Преодолев вращающуюся дверь, Якимов оказался в мраморном зале, залитом светом хрустальных люстр. Тут же кто-то окликнул его:
Якимов!
Он вздрогнул. Его уже много дней никто так не приветствовал. Увидев, что это журналист по имени Маккенн, который ранее при встрече в будапештских барах поворачивался к нему спиной, он заподозрил недоброе. Маккенн лежал на диване у входа в вестибюль, а какой-то мужчина в черном костюме срезал пропитанный кровью рукав его рубашки, прилипший к коже.
Что случилось, дорогой мой? встревоженно спросил Якимов. Могу ли я вам чем-то помочь?
Можете. Я вот уже полчаса пытаюсь добиться, чтобы эти тупицы нашли мне хоть кого-нибудь, кто говорит по-английски.

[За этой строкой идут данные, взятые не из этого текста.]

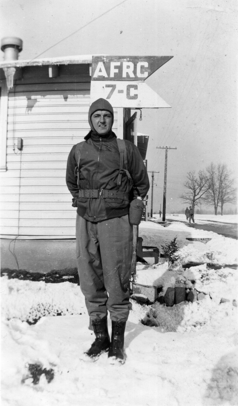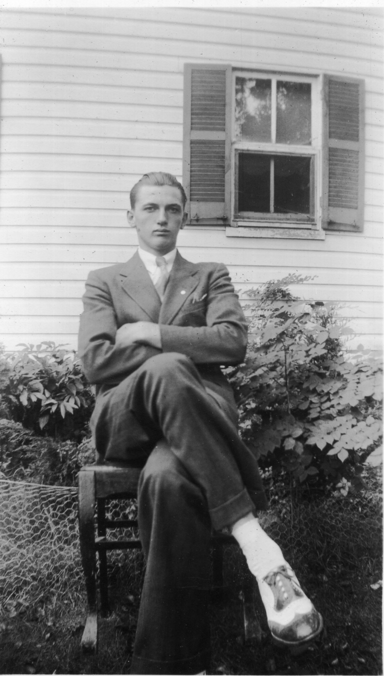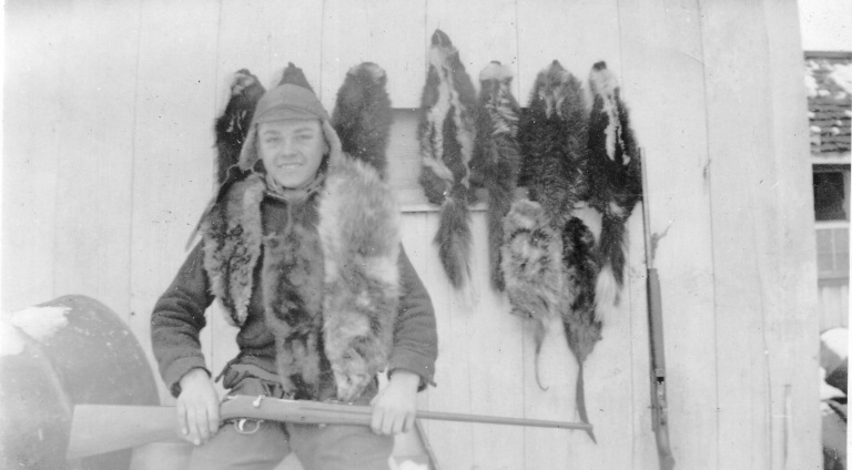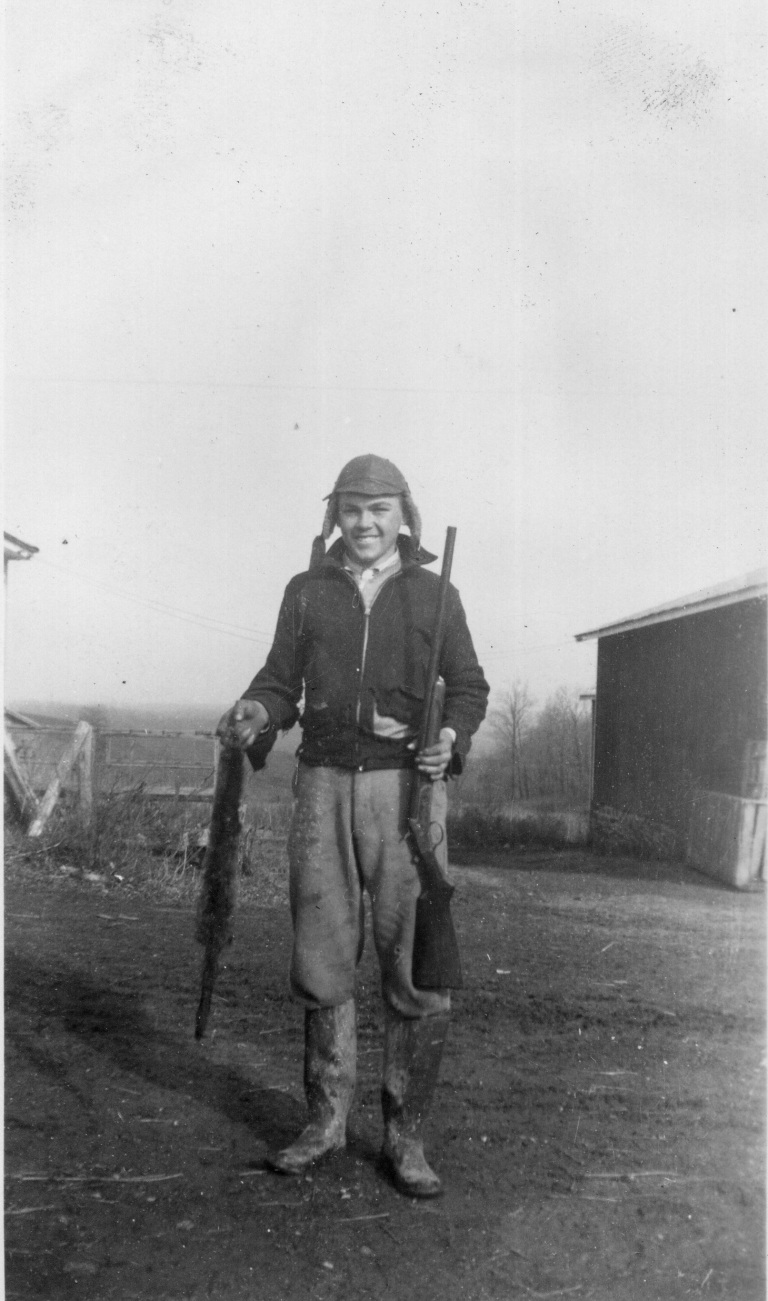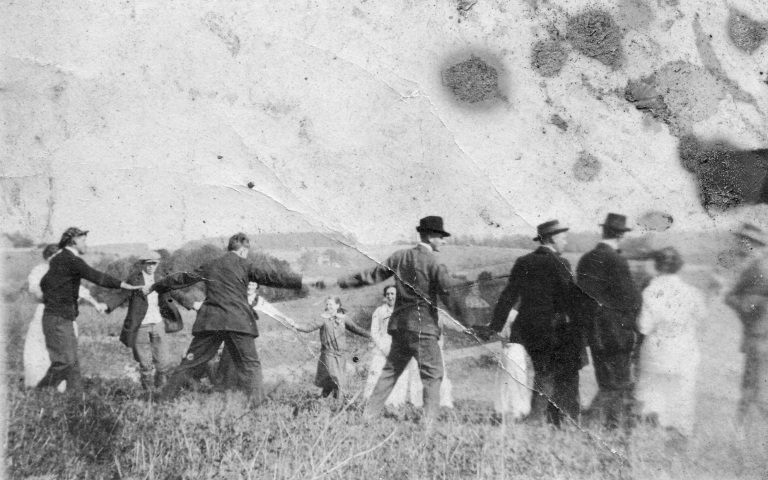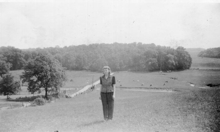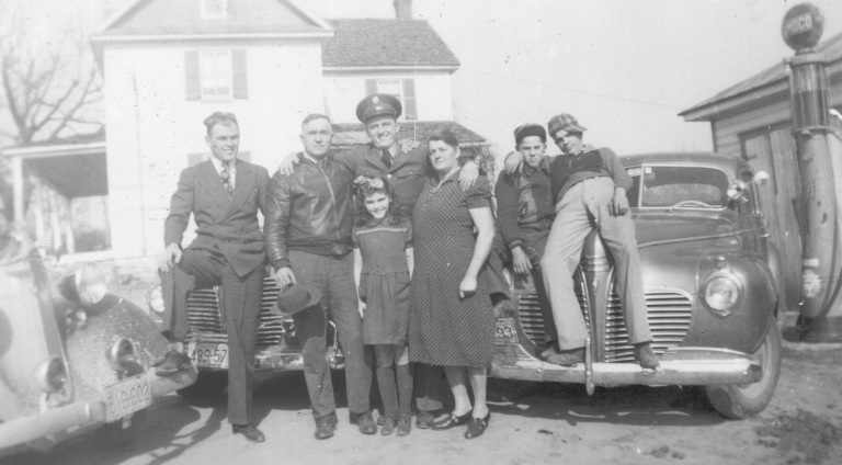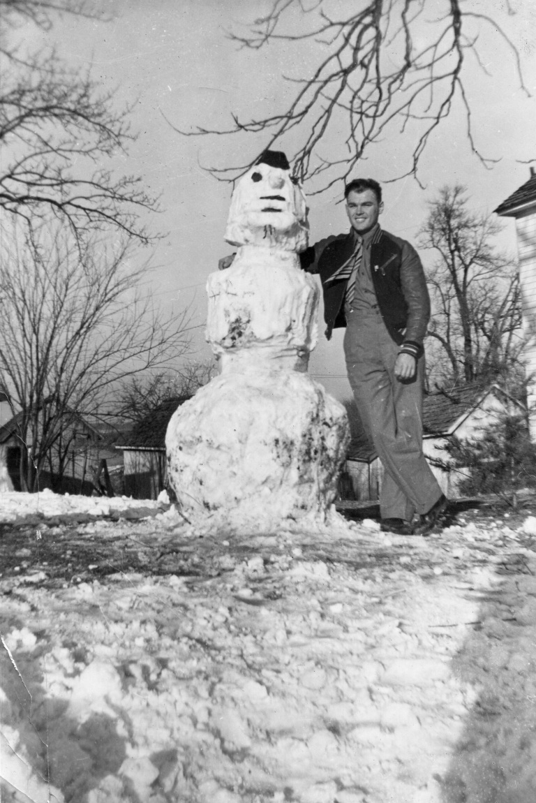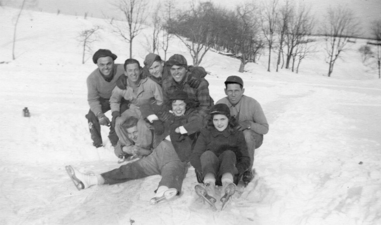 1948. (Pictured left to right) Francis Bollinger, Carolyn Nightingale, David Brauning, Audrey Bollinger, N. Gist, T. Jones, Irvin Kibler, Edna Bollinger, Stanley Bollinger, Gordon Bellson, Albert Bellson, George Bollinger, and Jim Beard ice skate and laugh together on Bollinger Pond.

Якимов с радостью бы сел рядом с Маккенном, поскольку чувствовал себя немногим лучше любого раненого, но на второй половине дивана спала какая-то смуглая красавица, изможденная и очень грязная.
Участливо склоняясь к Маккенну, Якимов втайне надеялся, что журналист не попросит его о чем-нибудь обременительном.
Вот, держите. Неловко покопавшись в кармане лежащего рядом пиджака, Маккенн вручил ему несколько вырванных из блокнота листов. Опубликуйте, тут вся история.
В самом деле! Что за история?
Ну как же, раздел Польши, капитуляция Гданьска, побег парламента, немецкое наступление на Варшаву, беженцы покидают город, я вместе с ними. Автомобили обстреливают с неба, убивают и ранят мужчин, женщин и детей, трупы хоронят на обочине. Потрясающий материал, всё из первых рук, надо напечатать, пока он свежий. Забирайте.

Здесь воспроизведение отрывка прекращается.